EXERCISE PROMPT
The needed output is the run of lines below from the one containing "По поводу разрезной" through the one containing "Despite its traditional", copied exactly and free of pictures.

SOURCE RECORDS
▼

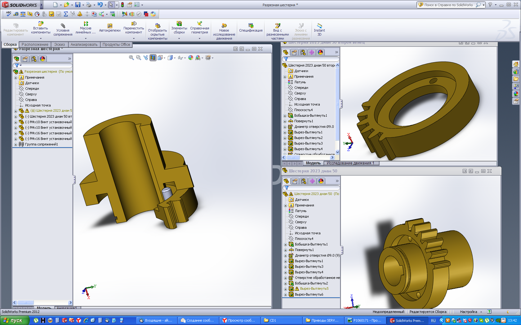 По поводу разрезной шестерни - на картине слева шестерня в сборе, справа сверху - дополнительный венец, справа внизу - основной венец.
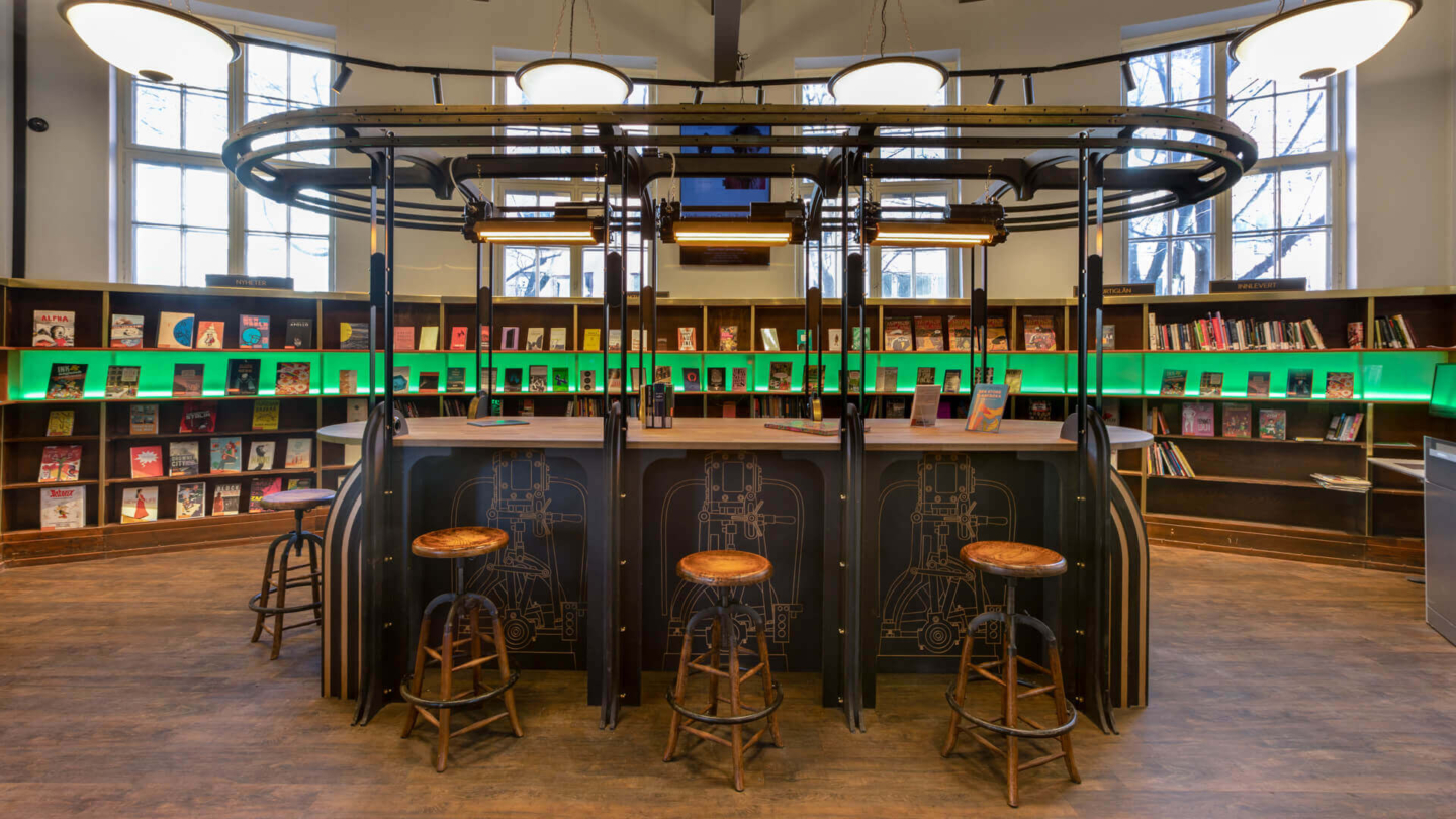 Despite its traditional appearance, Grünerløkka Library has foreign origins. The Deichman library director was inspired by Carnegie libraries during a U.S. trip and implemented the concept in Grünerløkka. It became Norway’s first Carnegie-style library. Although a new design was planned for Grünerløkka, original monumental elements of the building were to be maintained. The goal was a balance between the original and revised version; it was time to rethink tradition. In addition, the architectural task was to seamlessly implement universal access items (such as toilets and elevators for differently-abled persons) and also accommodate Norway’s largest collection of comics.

▲
▼

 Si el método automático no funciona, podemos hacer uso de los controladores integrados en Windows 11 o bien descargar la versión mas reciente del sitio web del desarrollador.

▲
▼

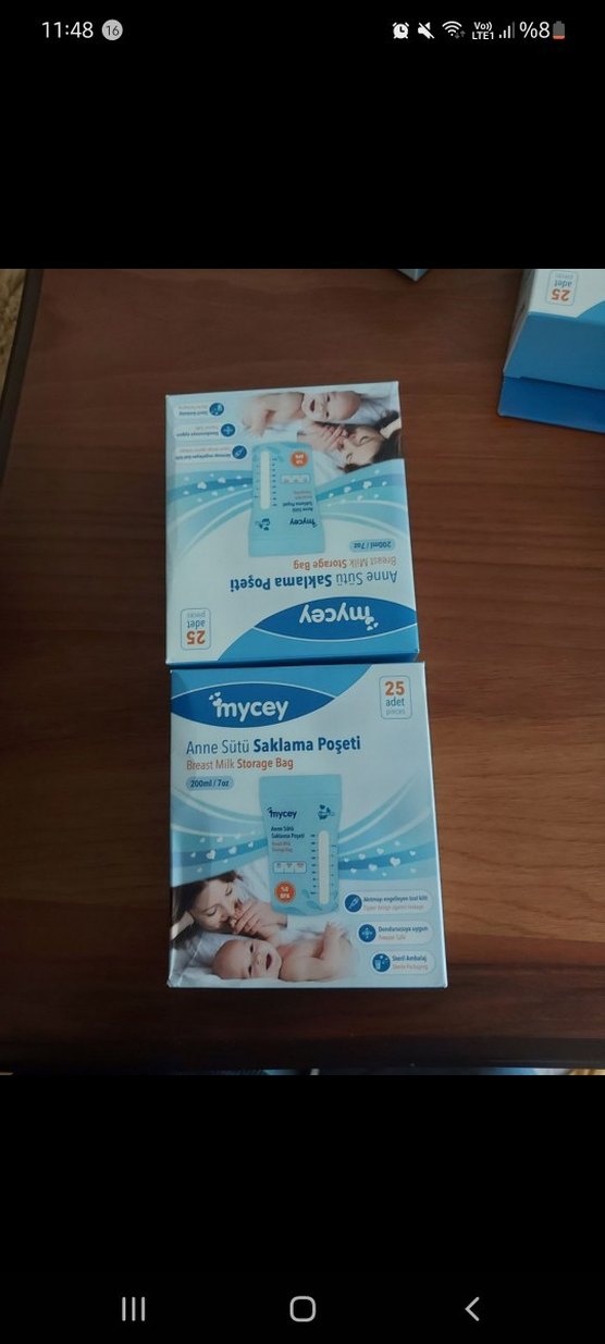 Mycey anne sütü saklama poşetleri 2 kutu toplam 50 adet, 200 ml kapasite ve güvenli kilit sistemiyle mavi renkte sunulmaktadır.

▲

SOLUTION TO THIS TASK
 По поводу разрезной шестерни - на картине слева шестерня в сборе, справа сверху - дополнительный венец, справа внизу - основной венец.
 Despite its traditional appearance, Grünerløkka Library has foreign origins. The Deichman library director was inspired by Carnegie libraries during a U.S. trip and implemented the concept in Grünerløkka. It became Norway’s first Carnegie-style library. Although a new design was planned for Grünerløkka, original monumental elements of the building were to be maintained. The goal was a balance between the original and revised version; it was time to rethink tradition. In addition, the architectural task was to seamlessly implement universal access items (such as toilets and elevators for differently-abled persons) and also accommodate Norway’s largest collection of comics.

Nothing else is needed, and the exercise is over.